Difference between SMPC and Differential Privacy

Works with distributed keys and secret shares. The data is encypted between the parties and in the transit

Federated Learning

This technique involves training machine learning models across multiple decentralized devices or servers without exchanging the actual data. It’s particularly useful in cross-organizational setups.

Refer: Federated Learning Meets Homomorphic Encryption | IBM Research Blog
Google’s Federated Learning is making strides in this domain. Delve into Federated Learning.

Confidential Computing

Focuses on protecting both sensitive data and AI models during processing, a growing field in data security.
Refer: Protecting Sensitive Data and AI Models with Confidential Computing | NVIDIA Technical Blog

If you are really interested, you can go through the older techniques to understand how data masking evolved over the years,

Security Challenges in Large Language Models (LLMs)

The UK’s National Cyber Security Centre (NCSC) issued a warning recently about the growing danger of “prompt injection” attacks against applications built using AI. Few of the common challenges in LLMs are,

Prompt Injection Risks: Large Language Models are vulnerable to prompt injection, where malicious inputs can coerce the model into generating unintended or sensitive outputs. This manipulation poses significant risks in terms of data privacy and model integrity.

Data Leakage Concerns: These models may inadvertently reveal sensitive information embedded in their training data, a phenomenon known as data leakage. Ensuring that LLMs do not compromise confidential information remains a critical challenge.
Model Inversion Attacks: LLMs face the threat of model inversion attacks, where adversaries attempt to extract private data used during the training process. Protecting against such attacks is essential to maintain the confidentiality of the underlying training data.

Safeguarding Techniques for LLMs

Safeguarding strategies effective for traditional machine learning also apply to Large Language Models (LLMs). However, due to their advanced capabilities, LLMs require additional, specialized measures to ensure data security

1. Robust Prompt Design and Validation

Purpose: Prevent prompt injection attacks by ensuring prompts cannot be easily manipulated.
Implementation: Develop a robust validation system that filters and sanitizes input prompts, rejecting those that may trigger unintended or insecure model behavior.
Example: Use of AI-driven monitoring tools to detect and block malicious prompt patterns.

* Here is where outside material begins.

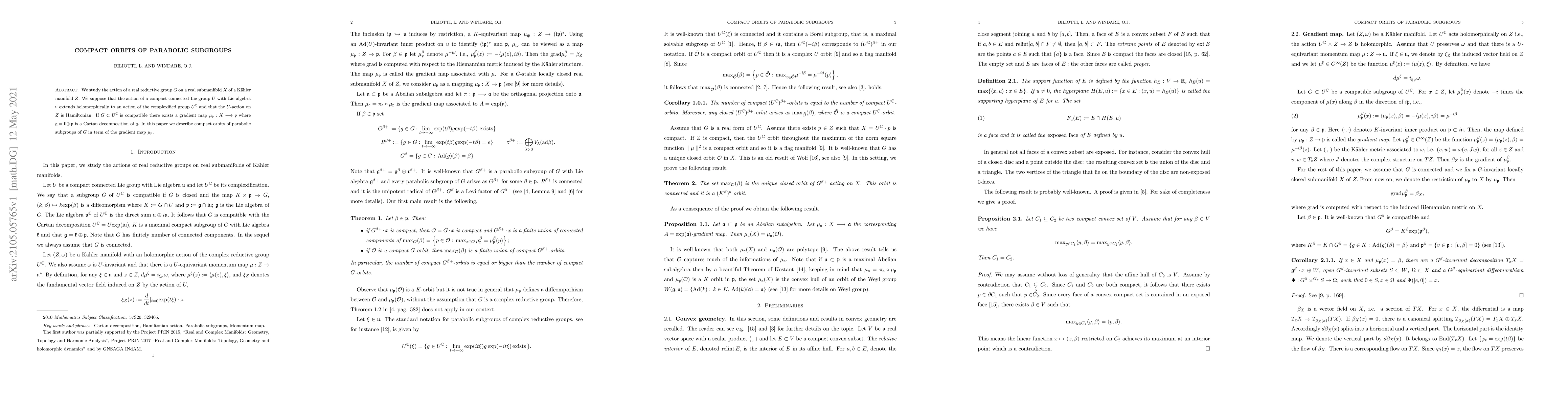 We study the action of a real reductive group $G$ on a real submanifold $X$ of a Kahler manifold $Z$. We suppose that the action of a compact connected Lie group $U$ with Lie algebra $\mathfrak{u}$ extends holomorphically to an action of the complexified group $U^{\mathbb C}$ and that the $U$-action on $Z$ is Hamiltonian. If $G\subset U^{\mathbb C}$ is compatible there exists a gradient map $\mu_{\mathfrak p}:X \longrightarrow \mathfrak p$ where $\mathfrak g=\mathfrak k \oplus \mathfrak p$ is a Cartan decomposition of $\mathfrak g$. In this paper we describe compact orbits of parabolic subgroups of $G$ in term of the gradient map $\mu_\mathfrak p$.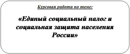 «Единый социальный налог и социальная защита населения России» - Содержание: 1.Вступление …стр.3 2.Налогоплательщики …стр.3 3.Объект налогообложения 3.1. Объект налогообложения для организаций и индивидуальных предпринимателей, производящих выплаты физическим лицам…стр.4 3.2. Объект налогообложения для индивидуального предпринимателя…стр.4 3.3.Объект налогообложения для физического лица …стр.4 3.4. Объект налогообложения для адвоката…стр.4 4.Налоговая база 4.1.Налоговая база для налогоплательщиков-организаций и индивидуальных предпринимателей, производящих выплаты физическим лицам…стр.4 4.2.Налоговая база для индивидуального предпринимателя …стр.5 4.3.Индивидуальные предприниматели - члены крестьянского хозяйства …стр.5 4.4. Налоговая база для физических лиц …стр.5 4.5.Налоговая база для адвоката…стр.5 5. Налоговый и отчетный периоды…стр.5 6.Суммы, не подлежащие налогообложению…стр.5 7.Налоговые льготы…стр.7 8.Ставки налога 8.1.Ставки налогов для лиц, производящих выплаты наемным работникам …стр.7 8.2. Ставки налога для организаций, занятых в производстве сельскохозяйственной продукции, родовые, семейные общины малочисленных народов Севера, занимающиеся традиционными отраслями хозяйствования, и крестьянские хозяйств…стр.8 8.3. Ставки налога для налогоплательщиков - индивидуальных предпринимателей…стр.8 8.4. Ставки налога для адвокатов…стр.8 9.Порядок исчисления налога.9.1.Порядок исчисления налога лицами, производящими выплаты физическим лицам…стр.9 9.2. Порядок исчисления и уплаты налога индивидуальным предпринимателем. ..стр.10 9.3.Порядок исчисления и уплаты налога адвокатом…стр.1010.Социальная защита населения. 10.1.Взносы в Пенсионный фонд РФ …стр.11 10.2..Взносы в Фонд социального страхования РФ (от несчастных случаев и профессиональных заболеваний)…стр.11 11. Основные социальные гарантии, предоставляемые государством населению РФ…стр.12 12.Заключение…стр.13 13.Расчетная часть курсовой работы…стр.14 14.Использованные документы…стр.16 1.Вступление. Единый социальный налог (далее ЕСН) предназначен для мобилизации средств для реализации права граждан на государственное пенсионное и социальное обеспечение и медицинскую помощь и зачисляется в федеральный бюджет и государственные внебюджетные фонды: Фонд социального страхования РФ и фонды обязательного медицинского страхования РФ. 1 января 2002 г. произошли существенные изменения в порядке исчисления и уплаты единого социального налога (ЕСН), что связано с проводимой реформой пенсионной системы и введением в действие Федерального закона от 15.12.2001 N 167-ФЗ "Об обязательном пенсионном страховании в Российской Федерации" (далее - Закон N 167-ФЗ). В результате был принят Федеральный закон от 31.12.2001 N 198-ФЗ "О внесении дополнений и изменений в Налоговый кодекс Российской Федерации и в некоторые законодательные акты Российской Федерации о налогах и сборах" (далее - Закон N 198-ФЗ). Сразу хочется обратить внимание на то, что с принятием вышеназванных Законов налогоплательщики наряду с уплатой ЕСН обязаны уплачивать страховые взносы на обязательное пенсионное страхование, которые поступают в бюджет Пенсионного фонда Российской Федерации (ПФР) и направляются на финансирование страховой и накопительной части трудовой пенсии(см.п.10.1.) При этом доля ЕСН, ранее зачисляемая в ПФР, поступает теперь в федера

2. Enhanced User Authentication and Access Controls

Purpose: Limit the access to LLMs to authorized users only, preventing unauthorized use that could lead to data breaches.
Implementation: Employ multi-factor authentication (MFA) and rigorous access control policies, ensuring that only verified users can interact with the LLM.
Example: IAM restrictions and integration of biometric verification for accessing sensitive LLM functions.

3. Regular Security Audits and Penetration Testing

Purpose: Identify and fix vulnerabilities in LLM systems.
Implementation: Conduct regular security audits and ethical hacking exercises to test the resilience of LLMs against various attack vectors.
Example: Engaging third-party cybersecurity firms to perform in-depth penetration testing.

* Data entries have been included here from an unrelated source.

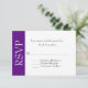 Elegante tarjeta de respuesta RSVP para eventos / bodas hecha en blanco, en la parte delantera, con una franja violeta, en el lado izquierdo, con texto blanco grande que lee RSVP. La parte posterior de la tarjeta es púrpura sólido. Todo el texto está listo para personalizar su evento.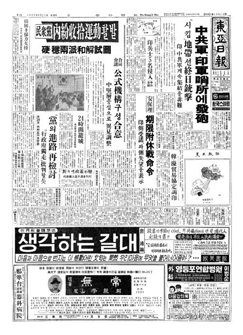 - 中共軍(중공군)、印軍哨所(인군초소)에發砲(발포)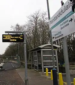 The station has one remaining active platform, which has had a section raised in 2015 to assist passengers boarding or alighting. This was funded by the Welsh Government.[4][5]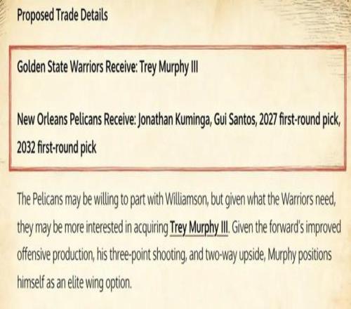 那么勇士有什么辦法能夠得到墨菲呢?美媒《Fadeaway World》提出了一套4換1的交易方案,建議勇士將庫明加、桑托斯以及2027年、2032年的首輪簽打包送到鵜鶘,換回墨菲。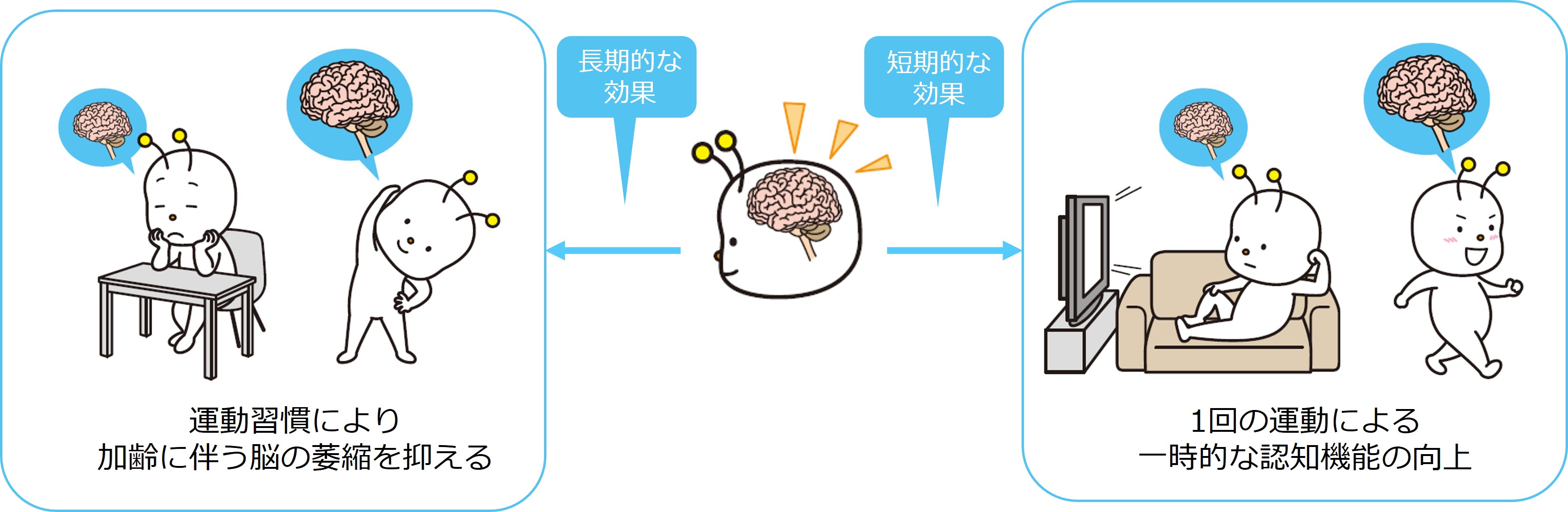 これまでの研究から、加齢により脳が萎縮すると認知機能が低下することがわかっています。また日常的に身体を動かしていると、脳の大きさが保たれ、認知機能低下が穏やかになると考えられています。

4. Continuous Monitoring for Anomalous Behaviour

Purpose: Detect and respond to unusual or potentially malicious activities in real time.
Implementation: Set up real-time monitoring systems with AI-driven anomaly detection capabilities.
Example: Implementation of a machine learning-based monitoring system that flags unusual query patterns or responses.

5. Ethical and Compliance Frameworks

Purpose: Ensure that LLM operations adhere to legal, ethical, and regulatory standards.
Implementation: Develop and enforce comprehensive guidelines and policies that cover ethical AI use, data privacy laws, and compliance requirements.
Example: Establishing an AI ethics board to oversee(human supervision) LLM deployments and usage.

Conclusion

Employing these protective measures demands an multi-disciplinary approach that merges the realms of cybersecurity, machine learning acumen, and a deep grasp of ethical AI practices. As the landscapes of traditional ML and LLMs advance, the methodologies to safeguard them must also progress, calling for perpetual research and agility in responding to new challenges.